Volume da destruição aumenta cada vez mais e os prejuízos vão ficando pelo caminho. Os moradores de Feliz Deserto dizem que não sabe se a prefeitura está recebendo algum dinheiro da Braskem para retirar areia do município.

“A gente só ver a movimentação das carretas, saído da praia carregada de areia. Que tem alguém ganhando dinheiro com isso tem, mas a gente não sabe”, comentou um comerciante da cidade, que trabalha com material de construção, mas pediu anonimato para evitar retaliações. Segundo ele, todos os dias, a quantidade de areia retirada de Feliz Deserto equivale a 600 mil/m3, ou 1.700 toneladas.

Diz que essa quantidade equivale uma piscina olímpica cheia de areia. “É como se a Braskem estivesse abrindo uma piscina olímpica por dia em Feliz Deserto. Se a retirada de areia continuar nesse ritmo vai provocar um verdadeiro crime ambiental nessa região, que está próxima à Várzea da Marituba e deveria ser preservada”, observou o comerciante.

Segundo ele, a retirada de areia está deixando um cenário de crateras, verdadeiras piscinas cheias de água das chuvas, às margens AL-101/Sul. Com isso, a rodovia hoje serve de paredão de contenção da pressão da água, que formou um açude sujeito a rompimento, preocupando os moradores que passam pela região.
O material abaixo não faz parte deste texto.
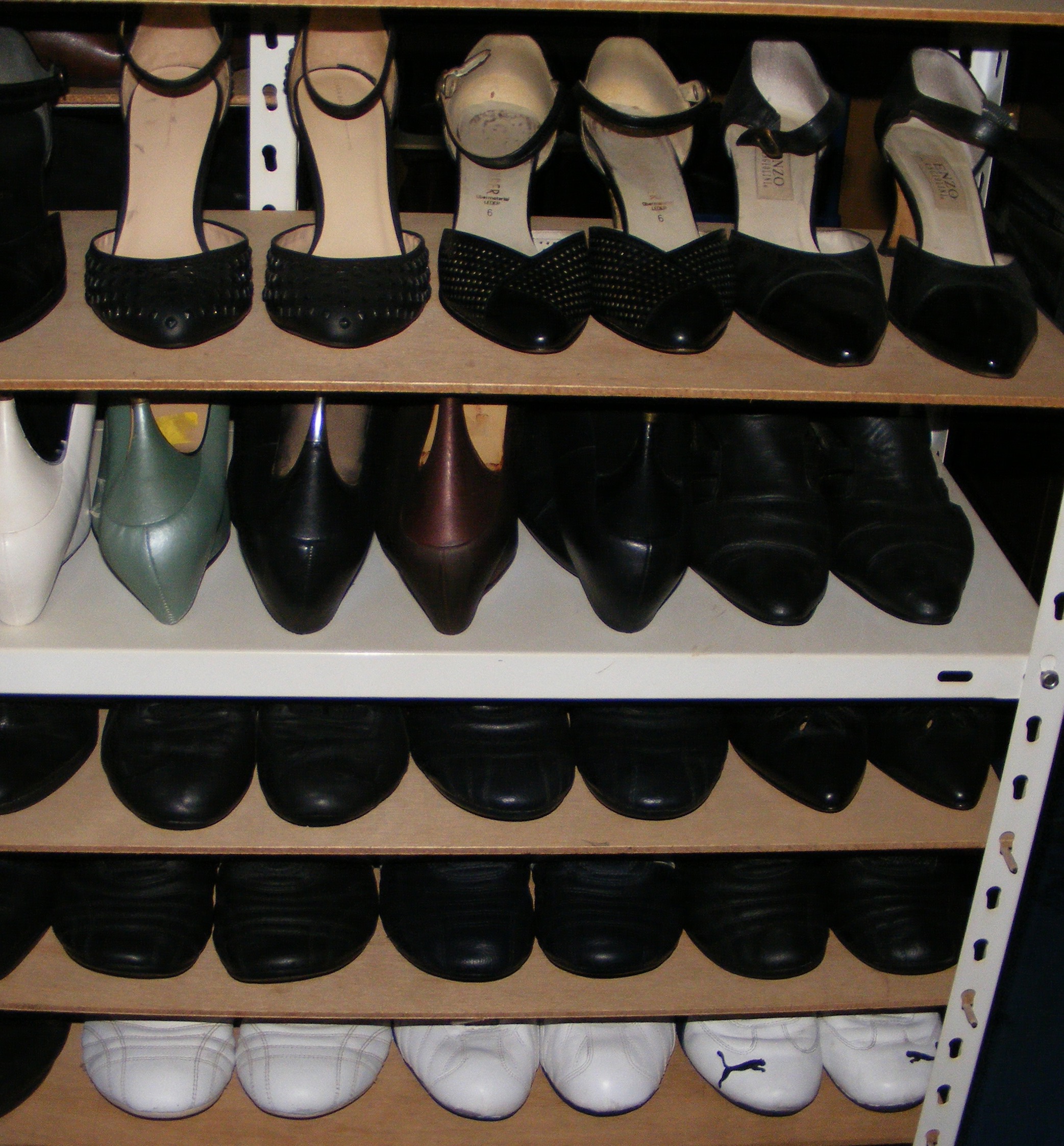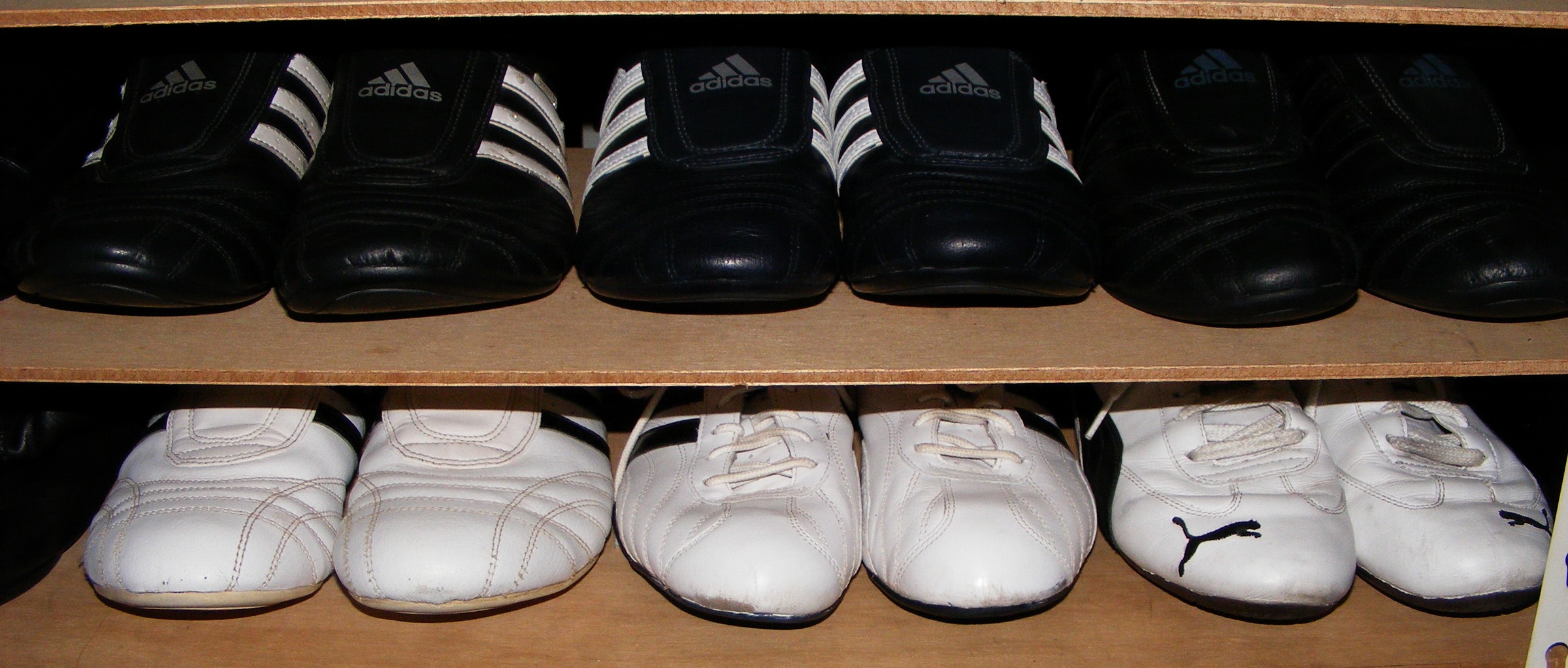 Nachdem ich in verschiedenen "Abteilungen" des VNF Gelesen habe, daß es doch mehr männliche Adidas SM II-Fans gibt, als bisher gedacht - diese Schuhe gefallen also nicht nur uns Mädels? Nun, mal ein kleiner Blick in meinen "Schuhschrank" (die neuwertigen Weißen, die ich im Schlafzimmer habe, hatte ich euch ja schon gezeigt). Ich nehme an, so ähnlich wird es bei den meisten Frauen bezüglich ihrer "Trageschuhe" aussehen. Zahlreiche restlos Abgetragene habe ich ja nun auch schon verbrannt, dafür wurden die ausgemusterten Schwarzen meiner NT nochmals Aufgearbeitet. Die "Können" noch eine Weile ... :P
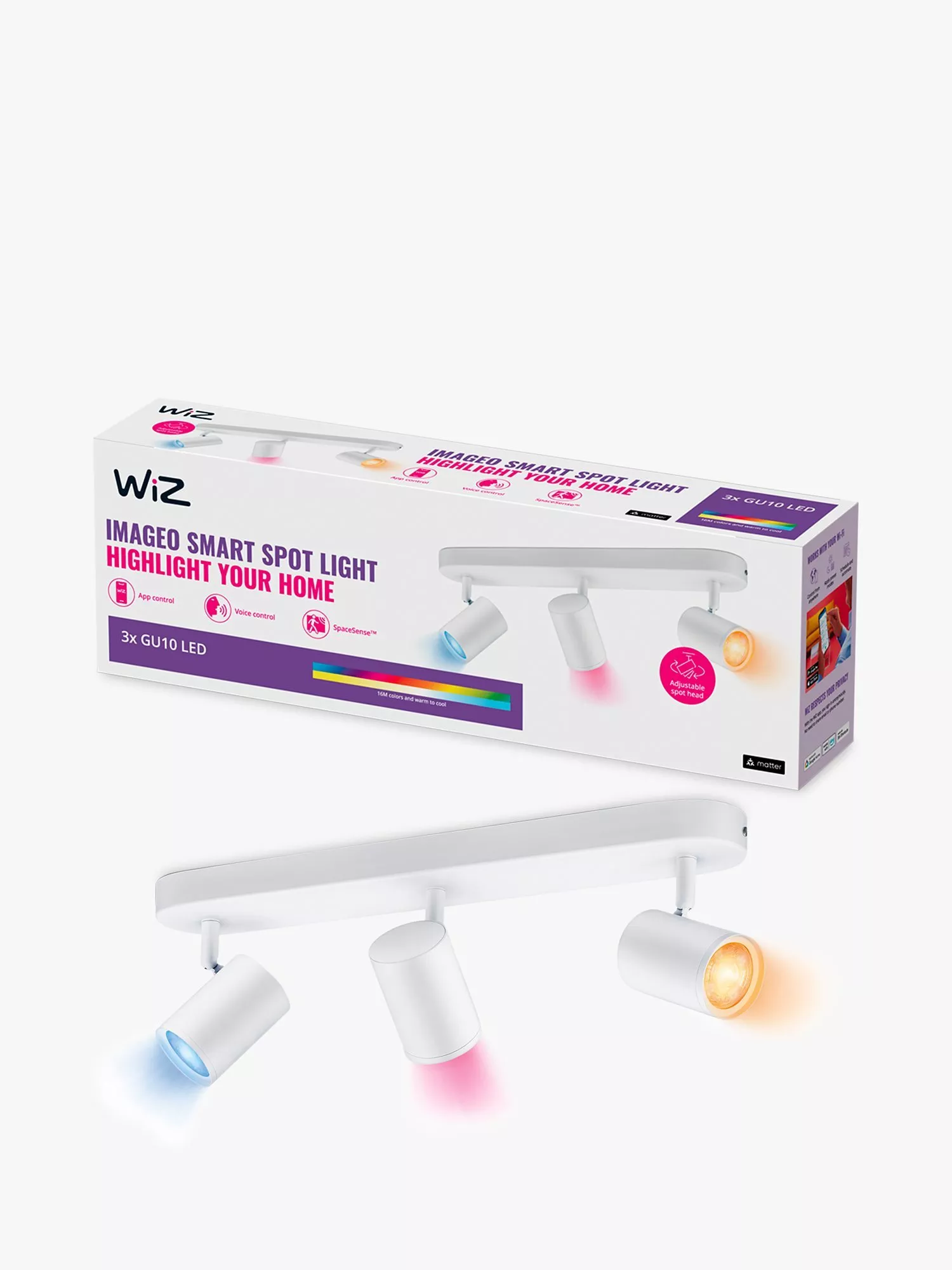 Highlight your home's decor using these three, adjustable and colour changing, spotlights from WiZ. Use the WiZ Imageo Smart 3 Spotlight with your existing Wi-Fi to control with the WiZ app or your voice.
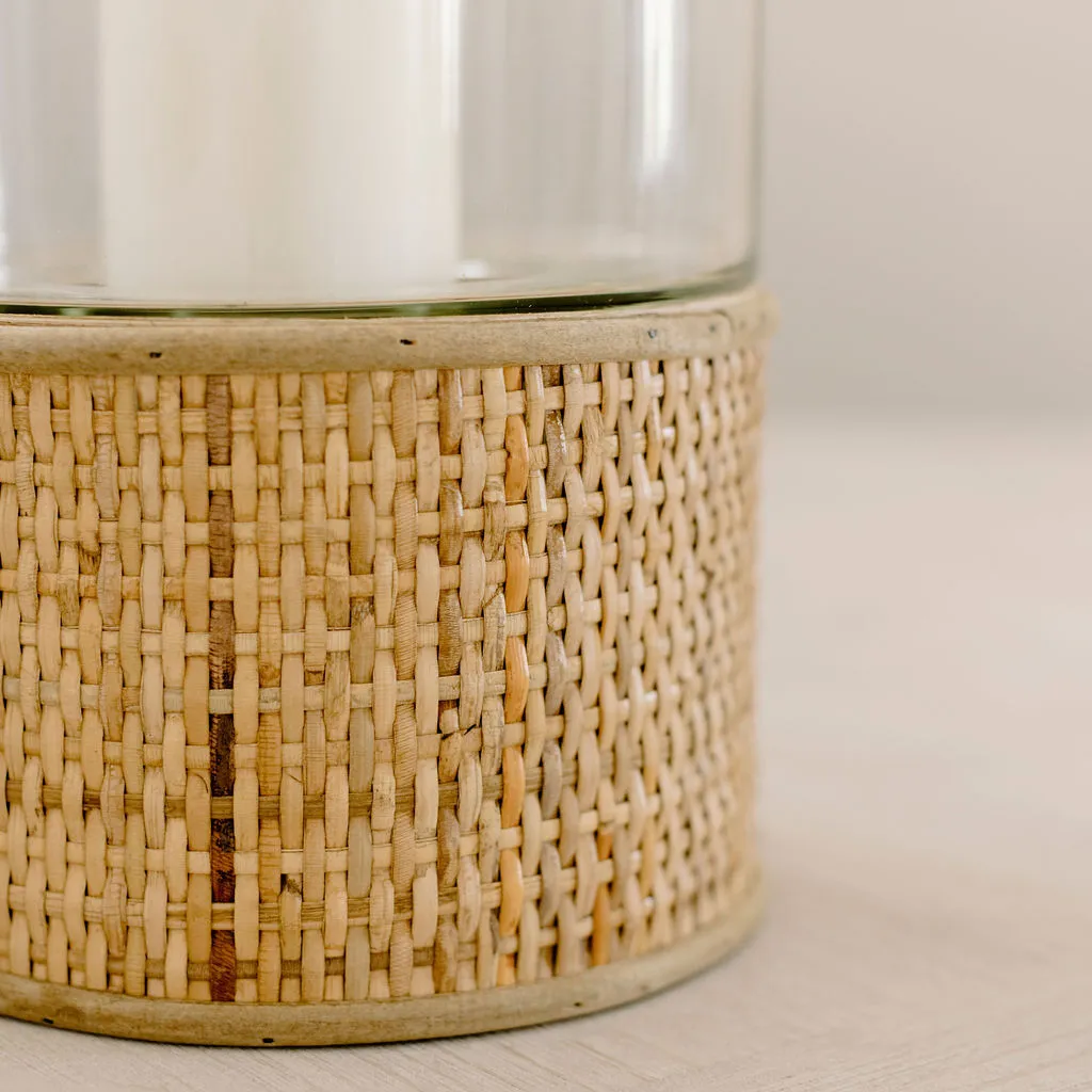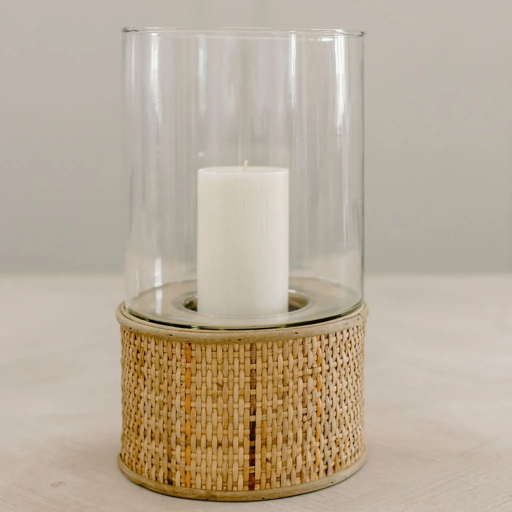A versatile hurricane lamp that styles beautifully on consoles, dinner tables, coffee tables, side tables and much more - just pop in the candle of your choice for that perfect ambient glow of candlelight. The textured base adds a stylish, organc look to your home.
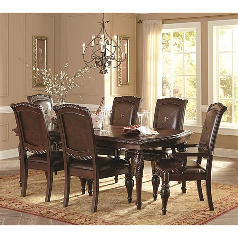 Dining Table 7 Piece - At rooms to go, we have 7 piece dining sets in a variety of designs to suit your tastes. Discover 7 piece kitchen + dining room sets at living spaces. Browse a variety of stylish and functional sets to enhance your dining area. Equipped with the track this dining room table can be shrunk fit tightly when not in use..
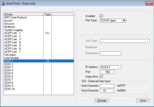 - In AlphaPro, Exchange & System > Serial Ports, select an available EDIO port, for instance EDIO 1
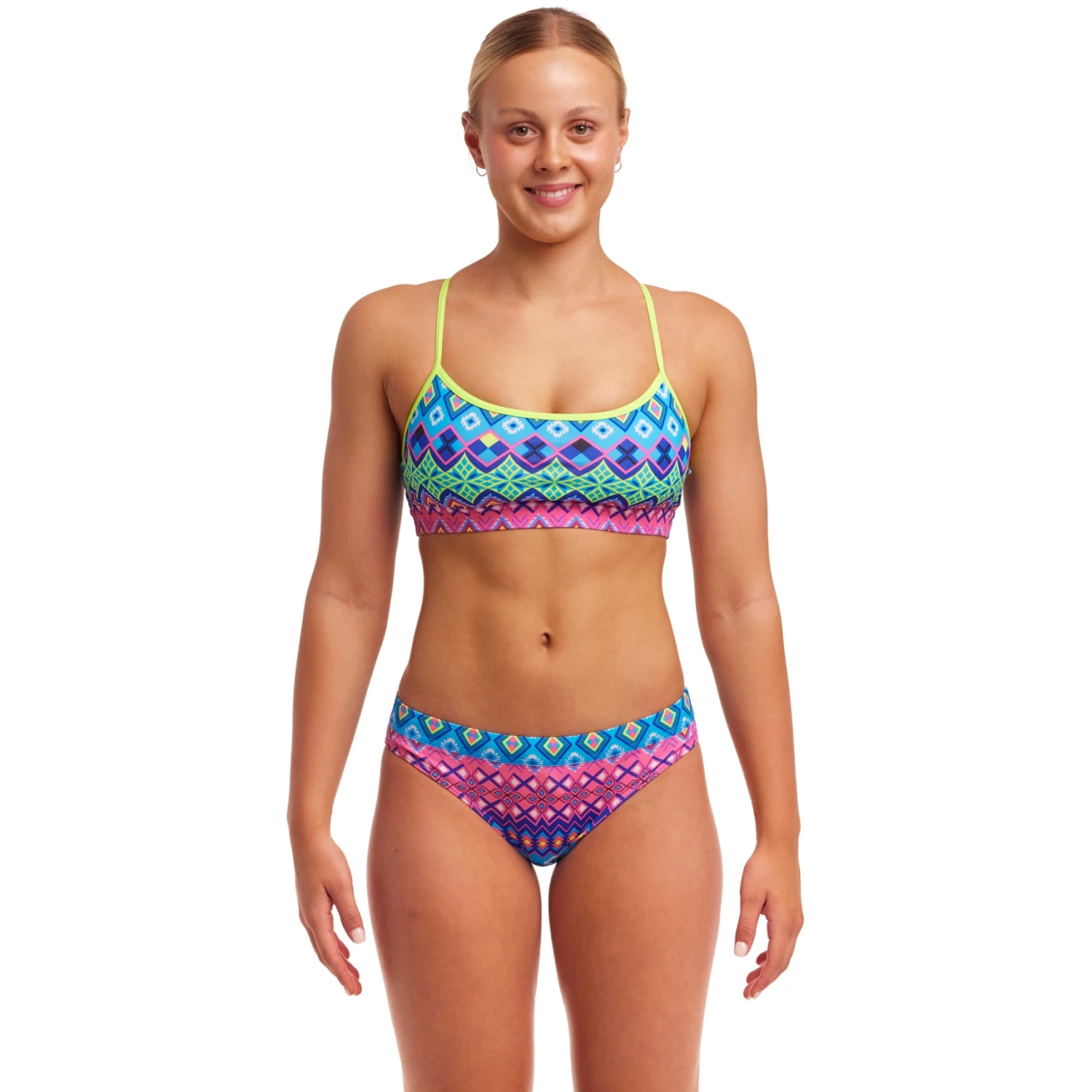 De Funkita Swim Crop Top is een racerback bikinitop met enkele bandjes op de schouder, verwijderbare vulling en een ondersteunend rugpand. Het platte onderbustelastiek en de uitneembare gewatteerde cups geven u extra comfort en steun. De top wordt apart verkocht, dus je kunt hem combineren met je favoriete Funkita slip in verschillende maten en prints. Het bikinitopje is gemaakt met alle zorg en liefde waardoor het trots is om van Funkita te zijn.
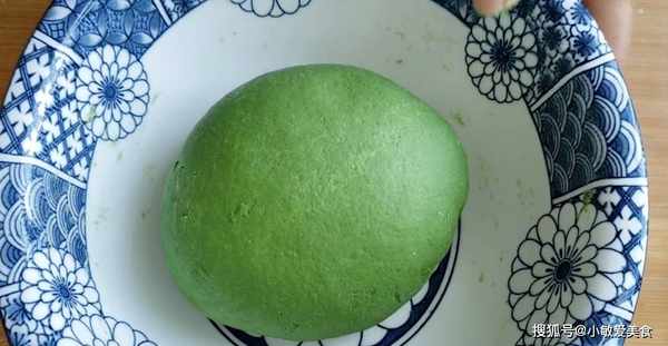 2、準備300克的普通面粉,加入一點點的小蘇打,用菠菜泥和面,揉成一個偏軟光滑的面團,蓋上蓋子,醒大概半個小時左右。
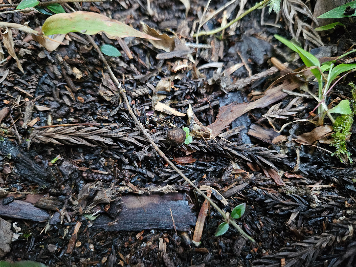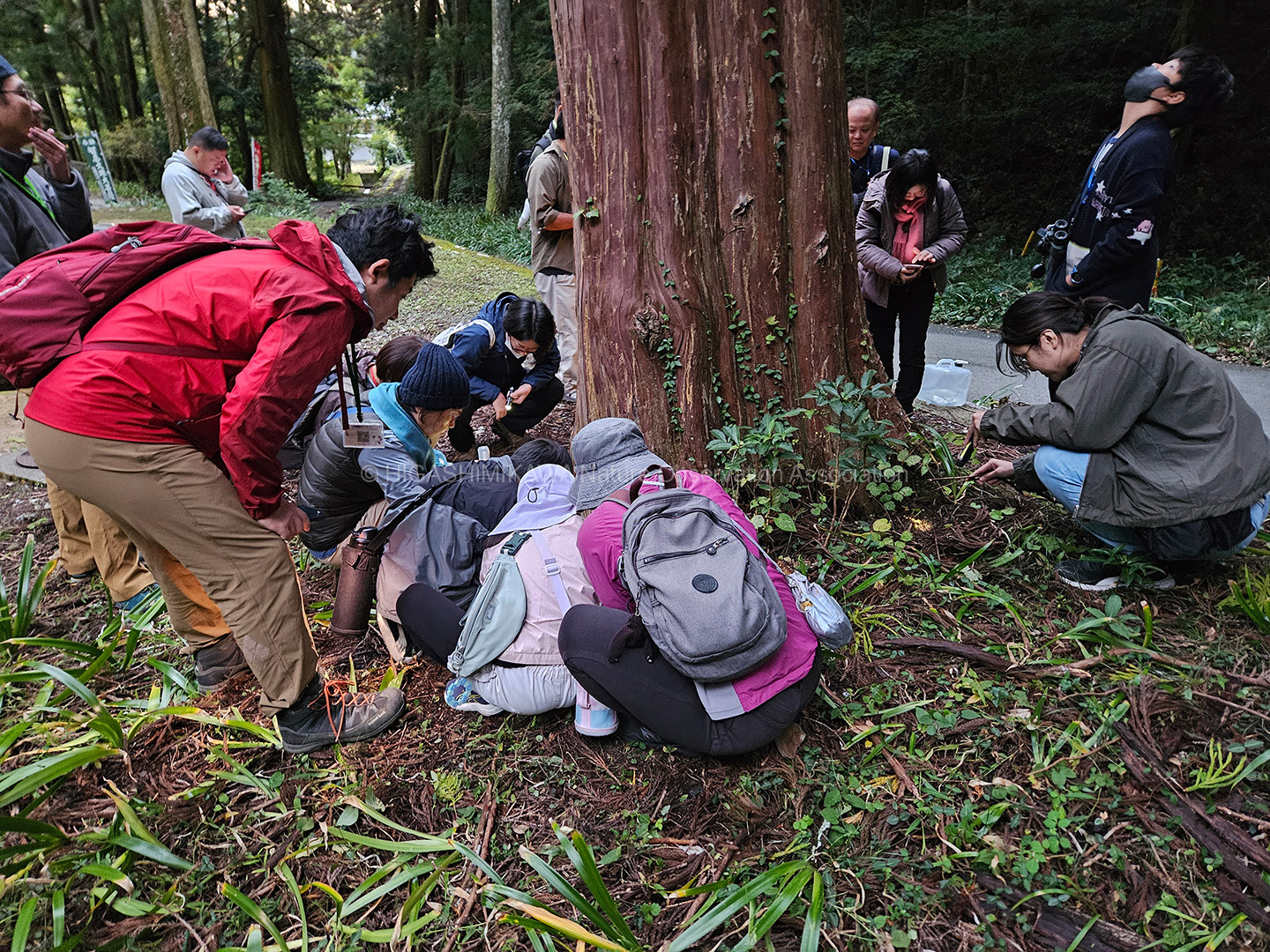 説明の後にムササビのフィールドサインを探しました。木の下で糞を見つることができました。

“Os motoristas que realizam o transporte alternativo entre Penedo, Piaçabuçu, Feliz Deserto, Coruripe, Jequiá da Praia e Roteiro denunciam que a pista de rolamento vem sendo destruída em todo o trecho, por onde passam as caçambas da Braskem, que fazem o transporte da areia 24 horas por dia”, relatou um funcionário de um posto de combustível em Coruripe.

“A esposa do meu patrão, essa semana mesmo, perdeu o pneu do carro dela, de noite, quando caiu num buraco da pista”, comentou o frentista. Segundo ele, é grande a quantidade de carretas que passam em frente ao posto de combustível onde trabalha, próximo à entrada do povoado Lagoa do Pau.

MPF diz não saber da extração de areia em Feliz Deserto

“As estimativas realizadas, são de cerca de 720 viagens por mês”, comentou o comerciante de Feliz Deserto, mas sem saber precisar ao certo a quantidade de caçambas que saem de Feliz Deserto em direção à Unidade da Braskem no bairro do Mutange, em Maceió. Cada caçamba transporta em média 25 metros cúbicos de areia, ou seja, cerca 70 toneladas, mas, nesse período invernoso, com a areia molhada, o peso triplica. Isso é o bastante para destruir a pista de rolamento por onde essas caçambas passam. O pior é o que estão deixando, no pequenino município de Feliz Deserto, um cenário lunar, com muitas crateras e água cercando a cidade”, concluiu o comerciante.

MPF

Apesar de ser o órgão fiscalizador (direta ou indiretamente) da operação tamponamento, o Ministério Público Federal de Alagoas (MPF/AL) disse que não tem conhecimento da extração de areia em Feliz Deserto.

A assessoria de comunicação do órgão, disse em nota, que solicitou à Braskem informações sobre fornecedores de areia contratados, “tendo a empresa informado, em dezembro de 2023, que o fornecimento estava sendo realizado pelas empresas Sinai Gestão Patrimonial Eireli e MTSul Construções Ltda”, esta última em Sociedade de Cota de Participação com Usina Leão. No entanto, não revelou da onde a área estava sendo extraída e a quantidade autorizada.

Sobre a extração de areia na Paria do Francês – que ameaça a fauna e a flora da Área de Proteção Ambiental (APA) das Dunas do Cavalo Russo, em Marechal Deodoro –, a assessoria do Ministério Público Federal informou que “em janeiro de 2024, a Justiça Federal atendeu aos pedidos liminares do MPF, formulados em ação civil pública, e determinou a suspensão de quaisquer licenças e/ou autorizações vigentes em favor de empresa mineradora de areia e seu proprietário, por extração irregular”.

No entanto, de acordo com moradores da região, a extração de areia continua nas Dunas do Cavalo Russo, em Marechal Deodoro, como comprova o empresário Mauro Vasconcelos cujo terreno, que ele disputa na Justiça com a Igreja Católica, é um dos pontos de extração de areia, na Praia do Francês.